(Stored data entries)
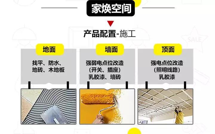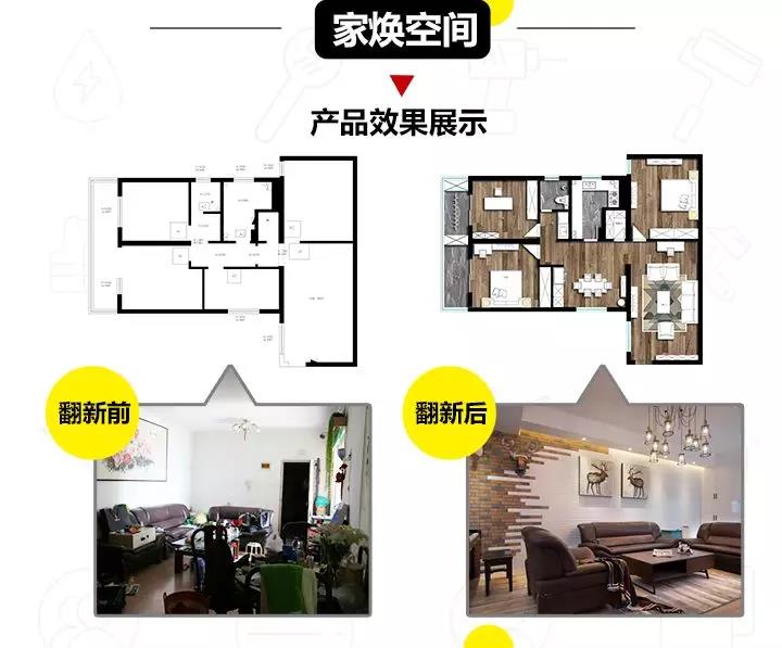 家先生场景化解决方案,提供从翻新前的免费上门、设计、主辅材选择,到翻新中的成品保护、专业施工,再到翻新后的垃圾清运、空气治理等一站式服务。
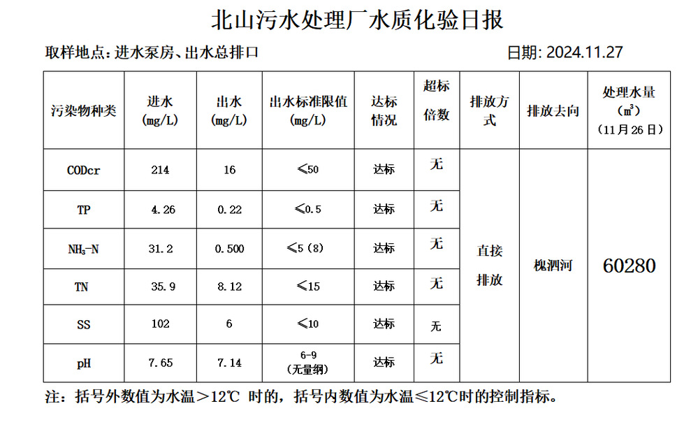北山污水处理厂水质化验日报(2024.11.27)
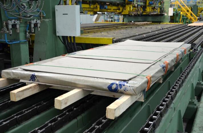 意大利FIMI935裁剪生产线型号为CTL20x2150mm,该机组目前主要进行碳钢薄板、热轧不锈钢、高强钢等要求较高、难度较大的板材开平和切边;其先进的对中监测装置,可保障原卷收卷不齐等情况下的产品长度、对角线的准确性;从上卷到打包全部自动化,全自动打包装置保证了堆垛打包质量。
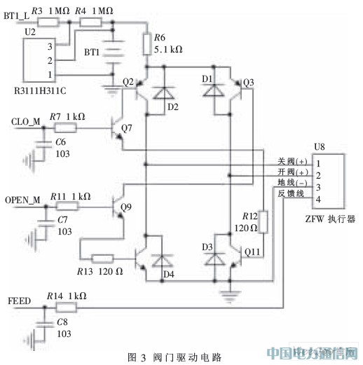 驅動電路主要控制閥門電機的轉動方向,當需要開閥或關閥操作時,打開相應的電路即可。當檢測到閥門已打開或已關閉后,關閉電路的電源,以降低功耗。如圖3所示,關閥電路(Q2,Q7,Q11)受CLO_M端控制,當CLO_M為高電平時,Q2、Q7、Q11導通,關閥端為高電平,開閥端為低電平,執行關閥操作。當檢測到反饋端的電平變為低時使CLO_M端為低,切斷電源;開閥電路(Q9、Q10、Q3)受OPEN_M端控制,工作過程和關閥過程類似。
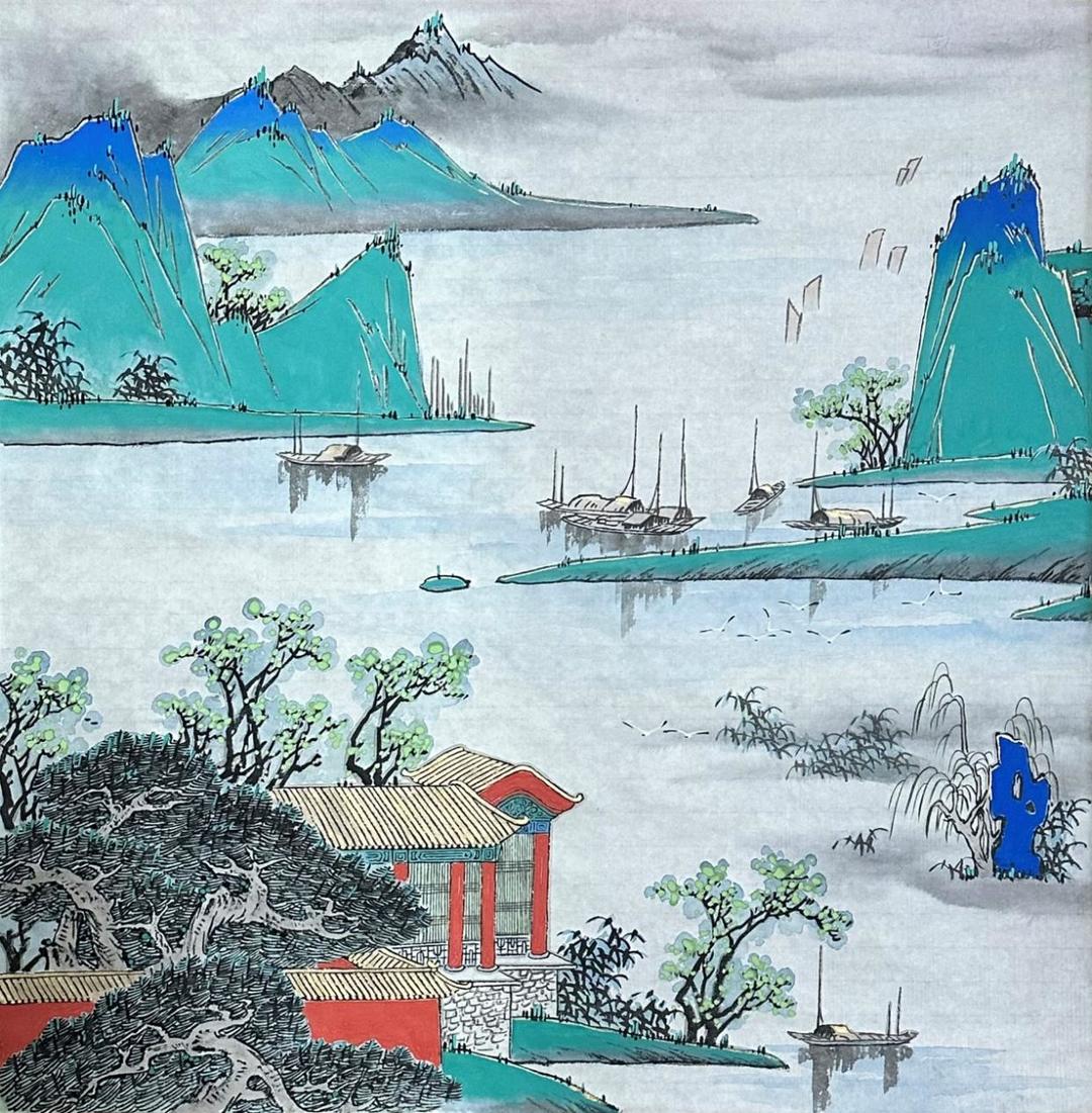 《青山隐隐水悠悠》78×78cm

**PROBLEM DESCRIPTION**. Word for word, retype the lines from the one that contains "意大利FIMI935裁剪生产" through the final line of the data, both ends included, excluding pictures.

**TASK RESPONSE**.
 意大利FIMI935裁剪生产线型号为CTL20x2150mm,该机组目前主要进行碳钢薄板、热轧不锈钢、高强钢等要求较高、难度较大的板材开平和切边;其先进的对中监测装置,可保障原卷收卷不齐等情况下的产品长度、对角线的准确性;从上卷到打包全部自动化,全自动打包装置保证了堆垛打包质量。
 驅動電路主要控制閥門電機的轉動方向,當需要開閥或關閥操作時,打開相應的電路即可。當檢測到閥門已打開或已關閉后,關閉電路的電源,以降低功耗。如圖3所示,關閥電路(Q2,Q7,Q11)受CLO_M端控制,當CLO_M為高電平時,Q2、Q7、Q11導通,關閥端為高電平,開閥端為低電平,執行關閥操作。當檢測到反饋端的電平變為低時使CLO_M端為低,切斷電源;開閥電路(Q9、Q10、Q3)受OPEN_M端控制,工作過程和關閥過程類似。
 《青山隐隐水悠悠》78×78cm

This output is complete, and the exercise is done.